OO is a trick, functional programming is a lie and C# sucks

Good Ideas, Through the Looking Glass (PDF) "Enough has been said and written about this non-feature [goto] to convince almost everyone that it is a primary example of a bad idea. The designer of Pascal retained the goto statement (as well as the if statement without closing end symbol). Apparently he lacked the courage to break with convention and made wrong concessions to traditionalists. But that was in 1968. By now, almost everybody has understood the problem, but apparently not the designers of the latest commercial programming languages, such as C#."

"To postulate a state-less model of computation on top of a machinery whose most eminent characteristic is state, seems to be an odd idea, to say the least. The gap between model and machinery is wide, and therefore costly to bridge.

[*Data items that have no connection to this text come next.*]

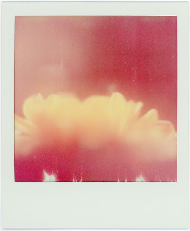 This is a Polaroid film pre-exposed by airport X-rays. The emulsion yields a hazy, distorted palette, merging intentional pink lighting to transform organic reality into a dreamlike chemical experiment.
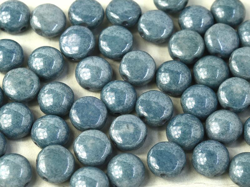 100 pcs Candy Beads 8 mm, 2 Holes, Chalk White Baby Blue Luster, Czech Glass
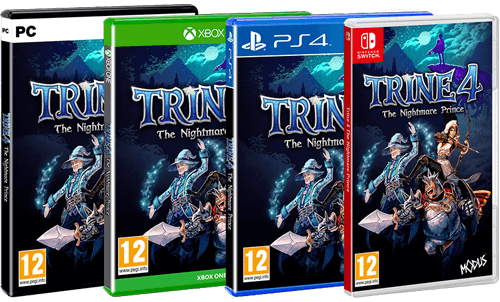En parallèle de la sortie de Trine 4, une compilation baptisée Trine 4 : The Ultimate Collection 1-4 rassemblant les 4 opus sort. Elle est proposé au tarif de 46€99 avec en plus 2€35 reversés en super points sur PlayStation 4 et Xbox One, de 43€68 avec en plus 2€18 reversés en super points sur PC et au tarif de 49€99 avec en plus 5€00 reversés en super points sur Nintendo Switch, la compilation sera disponible le 8/10/2019 sur:
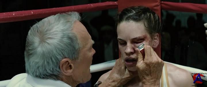 Качество: dvdrip Видео кодек: Xvid 720x304 23.98fps Аудио кодек: Dolby AC3 48000Hz 6ch 448kbps Жанр: драма, спорт, Перевод: дубляж Премьера в мире: 15 декабря 2004 Премьера в РФ: 10 марта 2005, «Гемини Киномир» Рейтинг mpaa: PG-13 - Детям до 13 лет просмотр не желателен Продолжительность: 132 мин. Информация о фильме: Тренер по боксу Фрэнк Данн переживает не лучшие времена. Из-за сложных отношений со своей дочерью он долгое время не позволял себе привязываться к кому-либо, боясь вновь пережить потерю. Однако все меняется, когда в его тренировочном зале появляется Мэгги. Существуя в постоянной борьбе с окружающим миром, Мэгги выработала в себе непоколебимую стойкость духа и волю к победе. Но больше всего на свете она хочет, чтобы в нее поверили.Фрэнк не хочет брать на себя ответственность, однако упорство Мэгги побеждает. В водовороте жизненных перипетий эти двое осознают, что стремятся к одному и тому же: забыть прошлое и обрести семью. Впереди их ждет главное сражение жизни, для которого им потребуется собрать в своих сердцах столько мужества, сколько раньше они и представить себе не могли
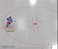 3. Finally, here's green - activley skating AWAY from the shooter as he scores
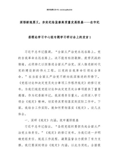 【七哥公文】2025年:【七哥公文】深悟新规要义,夯实纪检监察高质量发展根基——在市纪委理论学习中心组专题学习研讨会上的发言1+更多免费公文+VX:QiGeGongWen2024+更多免费公文+VX:QiGeGongWen2024
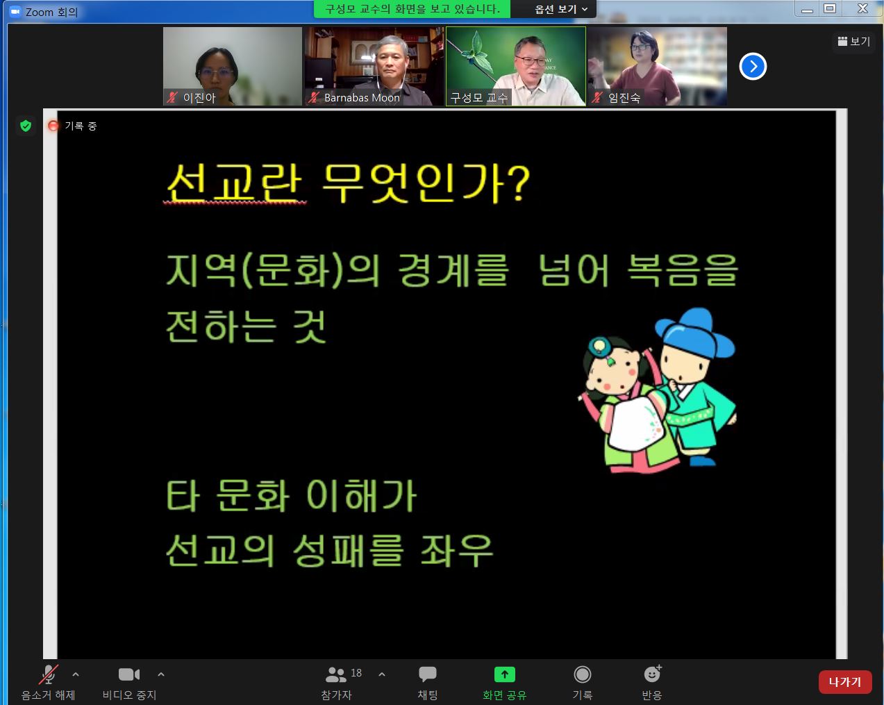 구성모 교수님께서 "타문화와 타종교" 주제로 세계에서 동질성(homogeneity)이 가장 강한 한국인이라 할 수 있는데 다름의 사람들을 섬기려고 하는 훈련생들을 향한 격려로 강의를 시작해주셨습니다.

No hardware support feature can wash this fact aside: It remains a bad idea for practice. This has in due time also been recognized by the protagonists of functional languages. They have introduced state (and variables) in various tricky ways. The purely functional character has thereby been compromised and sacrificed. The old terminology has become deceiving."

"...this writer believes that a more effective way to let a system make good use of parallelism is provided by object-orientation, each object representing its own behaviour in the form of a “private” process."

And on Object Oriented Programming: "Objects are records, classes are types, methods are procedures, and sending a method is equivalent to calling a procedure...Was this change of terminology expressing an essential paradigm shift, or was it a vehicle for gaining attention, a “sales trick”? "

1 comment:

Jim said...

OO is not a trick for one and only one simple reason:
Large dev teams need encapsulation.

Without encapsulation more upfront planning is needed to prevent conflicts. This hurts innovation by limiting the amount of RAD work that can be done.

Separating "classes" (if you decided to attempt OO in C) basically involves writing each class in it's own file. This helps to decrease maintainance however OO in non-OO languages, in *large* teams is not effective at preventing bugs such as variables or functions using the same name.

Using OO in non-OO results in a lot of external tooling and development processes that are aimed at the environment instead of the language itself (i.e. using a database that maintains a list of function names and plugs into the IDE.)